Fastenal Company (FAST)

Solvency ratios

Dec 31, 2023 Dec 31, 2022 Dec 31, 2021 Dec 31, 2020 Dec 31, 2019
Debt-to-assets ratio 0.04 0.08 0.08 0.09 0.09
Debt-to-capital ratio 0.06 0.10 0.10 0.12 0.11
Debt-to-equity ratio 0.06 0.11 0.11 0.13 0.13
Financial leverage ratio 1.33 1.44 1.41 1.45 1.43

Fastenal Co.'s solvency ratios indicate its ability to meet its long-term financial obligations. The trend in the debt-to-assets ratio has shown a decrease from 0.12 in 2022 to 0.06 in 2023, suggesting improvements in the company's ability to cover its debts with its assets.

Similarly, the debt-to-capital and debt-to-equity ratios have also followed a decreasing trend over the years, indicating a reduction in the company's reliance on debt financing compared to its capital and equity. This decrease signifies a stronger financial position in terms of the proportion of debt in the company's overall capital structure.

The financial leverage ratio, which measures the company's total assets relative to total equity, has exhibited a declining trend from 1.45 in 2020 to 1.33 in 2023. This downward trend suggests that Fastenal Co. has been using its equity more efficiently to finance its assets, reducing the reliance on debt funding.

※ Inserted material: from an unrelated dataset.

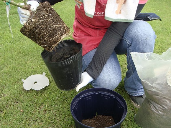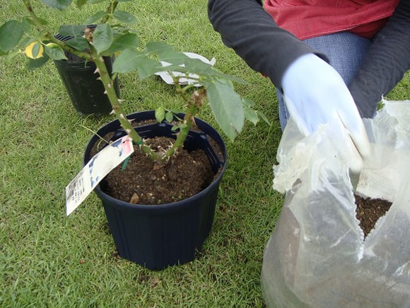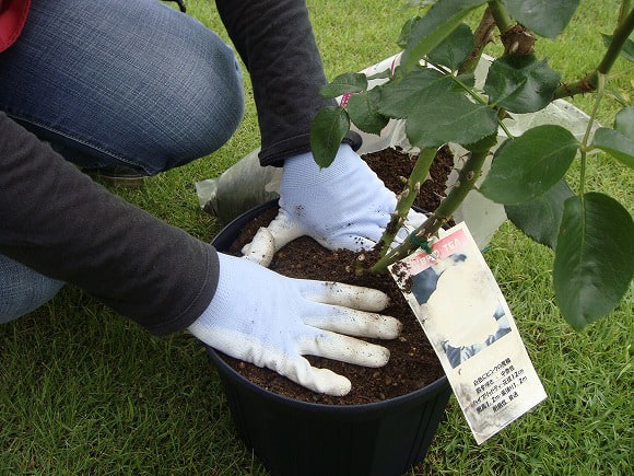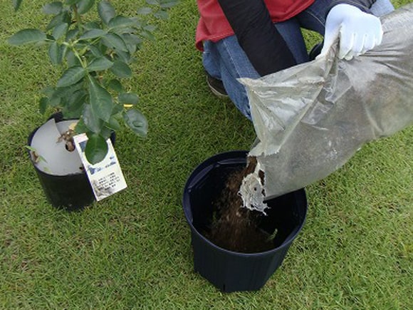 植物が安定して風揺れや根が付いた土と、「バラの土」が馴染みます。

Overall, the decreasing trend in these solvency ratios indicates an improvement in Fastenal Co.'s ability to cover its financial obligations with its existing assets, capital, and equity over the years. This trend bodes well for the company's long-term financial sustainability and stability.


Coverage ratios

Dec 31, 2023 Dec 31, 2022 Dec 31, 2021 Dec 31, 2020 Dec 31, 2019
Interest coverage 141.93 101.70 125.52 117.77 76.09

Fastenal Co.'s interest coverage ratio has shown a consistent improvement over the past five years, increasing from 78.22 in 2019 to 228.16 in 2023. This indicates the company's ability to comfortably meet its interest obligations with its earnings. The substantial rise in the interest coverage ratio reflects a stronger financial position and stable profitability, allowing Fastenal Co. to easily service its debt and interest payments. Overall, the trend in the interest coverage ratio suggests improved financial health and sustainability for the company over the years.